Cabinet Minister Government of Bihar
- In office 2010–2015
- Chief Minister: Nitish Kumar Jitan Ram Manjhi
- Ministry or Departments: Rural Works; Road Construction; Panchayati Raj; Industries; Sugarcane;

Member of Bihar Legislative Council
- In office 2006–2015
- Elected By: Member of Legislative Assembly
- Succeeded by: Chandeshwar Prasad

Personal details
- Born: 30 November 1962 (age 63) Bedauli, Gaya, Bihar, India
- Party: Bharatiya Janata Party (since 2015)
- Other political affiliations: Janata Dal (United) (2009 - 2015) Rashtriya Janata Dal (before 2009)
- Education: B.Sc., M. A., LL.B., Ph.D..
- Alma mater: Patna University

= Bhim Singh (Bihar politician) =

Member of Parliament, Rajya Sabha from Bihar (born 1962)

Bhim Singh Chandravanshi (born 30 November 1962) is an Indian educationist and politician who has been serving as a Member of Parliament, Rajya Sabha from Bihar since 2024. A member of the Bharatiya Janata Party since 2015, he holds the position of vice president of the BJP in the state of Bihar.

Prior to that, he served as a cabinet minister under the cabinets of Nitish Kumar and Jitan Ram Manjhi from 2012 until his resignation in 2015. He also served as a member of the Bihar Vidhan Parishad for three consecutive terms from 2006 to 2015.

== Education ==
He has earned Bachelor of Science in engineering, two Master of Arts, a law (LLB) bachelor and doctorate from Patna University.

== Political career ==
He was active in Patna University as a student and employee leader. During this time, he developed associations with former Bihar CM Karpuri Thakur and grew closer to Lalu Prasad Yadav, Ram Vilas Paswan, and Nitish Kumar.

He assumed the role in the formation of Janata Dal as General Secretary. He also co-founded the formation of the Samata Party along with Nitish Kumar.
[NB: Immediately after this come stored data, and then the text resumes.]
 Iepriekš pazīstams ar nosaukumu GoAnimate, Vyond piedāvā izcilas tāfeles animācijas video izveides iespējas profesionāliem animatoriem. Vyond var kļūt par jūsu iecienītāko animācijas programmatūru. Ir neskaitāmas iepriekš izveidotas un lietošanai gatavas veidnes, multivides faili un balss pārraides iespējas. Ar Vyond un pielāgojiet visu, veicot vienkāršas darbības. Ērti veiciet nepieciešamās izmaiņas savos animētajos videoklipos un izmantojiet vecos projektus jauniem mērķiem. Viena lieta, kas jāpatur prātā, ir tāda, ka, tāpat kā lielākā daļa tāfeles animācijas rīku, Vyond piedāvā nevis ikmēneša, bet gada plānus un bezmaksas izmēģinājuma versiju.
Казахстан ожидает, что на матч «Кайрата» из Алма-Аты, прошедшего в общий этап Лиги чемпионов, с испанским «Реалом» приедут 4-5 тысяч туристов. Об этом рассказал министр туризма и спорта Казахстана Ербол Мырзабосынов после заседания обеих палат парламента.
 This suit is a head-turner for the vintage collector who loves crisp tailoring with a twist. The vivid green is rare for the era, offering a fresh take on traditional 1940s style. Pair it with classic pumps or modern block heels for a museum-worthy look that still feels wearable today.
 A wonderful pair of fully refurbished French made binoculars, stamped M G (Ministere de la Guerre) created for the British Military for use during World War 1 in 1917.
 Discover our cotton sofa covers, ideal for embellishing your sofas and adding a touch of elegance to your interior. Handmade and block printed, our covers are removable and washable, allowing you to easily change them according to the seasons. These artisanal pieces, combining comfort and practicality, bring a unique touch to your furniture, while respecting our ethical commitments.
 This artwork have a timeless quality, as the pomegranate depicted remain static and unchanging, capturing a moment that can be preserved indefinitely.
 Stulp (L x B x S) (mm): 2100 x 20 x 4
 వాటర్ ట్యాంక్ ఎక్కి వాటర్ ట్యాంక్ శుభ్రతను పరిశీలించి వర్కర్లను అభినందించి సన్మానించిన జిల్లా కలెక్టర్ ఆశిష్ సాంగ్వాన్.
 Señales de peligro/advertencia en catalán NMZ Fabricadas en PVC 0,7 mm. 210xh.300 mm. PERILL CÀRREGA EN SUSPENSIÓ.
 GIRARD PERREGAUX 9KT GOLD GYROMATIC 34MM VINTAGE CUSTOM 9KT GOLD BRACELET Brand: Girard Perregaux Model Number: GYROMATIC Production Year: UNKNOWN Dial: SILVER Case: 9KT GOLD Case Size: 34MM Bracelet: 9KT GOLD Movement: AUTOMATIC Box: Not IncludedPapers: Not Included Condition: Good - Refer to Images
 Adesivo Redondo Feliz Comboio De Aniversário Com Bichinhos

Later, he joined RJD and became the state general secretary of the party. He defected to JDU in 2009 and joined the BJP in 2015.

== Controversies ==
Singh found himself in the center of controversy when he said that people who joined the army either died or became martyrs. He made this statement on a day when the four Bihar army officers who had died were being cremated with full state honors in front of hundreds of mourners. His party did not take kindly to the statement and quickly distanced itself from it.